*** PROVIDED RECORDS ***

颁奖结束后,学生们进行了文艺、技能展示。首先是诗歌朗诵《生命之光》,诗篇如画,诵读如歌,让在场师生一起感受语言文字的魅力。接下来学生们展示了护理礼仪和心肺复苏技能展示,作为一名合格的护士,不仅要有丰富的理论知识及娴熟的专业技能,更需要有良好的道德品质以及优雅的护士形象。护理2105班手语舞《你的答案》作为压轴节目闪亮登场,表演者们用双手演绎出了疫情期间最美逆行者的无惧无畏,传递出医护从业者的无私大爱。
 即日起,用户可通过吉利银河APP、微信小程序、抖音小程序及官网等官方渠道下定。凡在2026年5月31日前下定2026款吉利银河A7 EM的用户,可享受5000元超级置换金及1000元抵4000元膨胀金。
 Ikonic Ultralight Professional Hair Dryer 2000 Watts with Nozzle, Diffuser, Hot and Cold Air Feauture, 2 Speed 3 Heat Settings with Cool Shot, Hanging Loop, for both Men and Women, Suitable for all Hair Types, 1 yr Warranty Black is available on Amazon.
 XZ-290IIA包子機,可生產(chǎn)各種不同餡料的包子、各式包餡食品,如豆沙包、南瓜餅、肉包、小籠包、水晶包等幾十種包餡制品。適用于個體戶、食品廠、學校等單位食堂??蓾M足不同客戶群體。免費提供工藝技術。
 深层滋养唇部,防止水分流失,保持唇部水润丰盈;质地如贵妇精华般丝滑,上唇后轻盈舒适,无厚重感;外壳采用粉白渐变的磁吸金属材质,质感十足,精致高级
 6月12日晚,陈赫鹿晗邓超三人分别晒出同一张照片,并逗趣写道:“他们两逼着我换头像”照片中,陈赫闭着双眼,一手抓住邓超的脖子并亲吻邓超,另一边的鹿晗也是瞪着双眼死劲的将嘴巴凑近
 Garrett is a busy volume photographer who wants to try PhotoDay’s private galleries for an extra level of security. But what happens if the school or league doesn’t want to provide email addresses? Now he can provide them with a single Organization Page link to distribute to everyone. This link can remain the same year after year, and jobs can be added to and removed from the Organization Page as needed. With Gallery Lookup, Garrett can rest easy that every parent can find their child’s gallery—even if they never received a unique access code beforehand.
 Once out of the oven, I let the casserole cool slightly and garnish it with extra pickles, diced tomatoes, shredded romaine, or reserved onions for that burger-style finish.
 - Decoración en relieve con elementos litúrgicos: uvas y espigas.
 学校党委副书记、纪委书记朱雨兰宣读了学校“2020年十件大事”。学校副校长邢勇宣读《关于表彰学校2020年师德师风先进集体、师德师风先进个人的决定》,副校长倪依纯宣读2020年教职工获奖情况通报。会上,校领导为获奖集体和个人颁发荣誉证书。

*** End of PROVIDED RECORDS ***

--- TASK GOAL ---
Exactly as written, please transcribe the lines from the start of the records above to the line that holds "即日起,用户可通过吉利银河A", both ends included.

--- ANSWER BOX ---
颁奖结束后,学生们进行了文艺、技能展示。首先是诗歌朗诵《生命之光》,诗篇如画,诵读如歌,让在场师生一起感受语言文字的魅力。接下来学生们展示了护理礼仪和心肺复苏技能展示,作为一名合格的护士,不仅要有丰富的理论知识及娴熟的专业技能,更需要有良好的道德品质以及优雅的护士形象。护理2105班手语舞《你的答案》作为压轴节目闪亮登场,表演者们用双手演绎出了疫情期间最美逆行者的无惧无畏,传递出医护从业者的无私大爱。
 即日起,用户可通过吉利银河APP、微信小程序、抖音小程序及官网等官方渠道下定。凡在2026年5月31日前下定2026款吉利银河A7 EM的用户,可享受5000元超级置换金及1000元抵4000元膨胀金。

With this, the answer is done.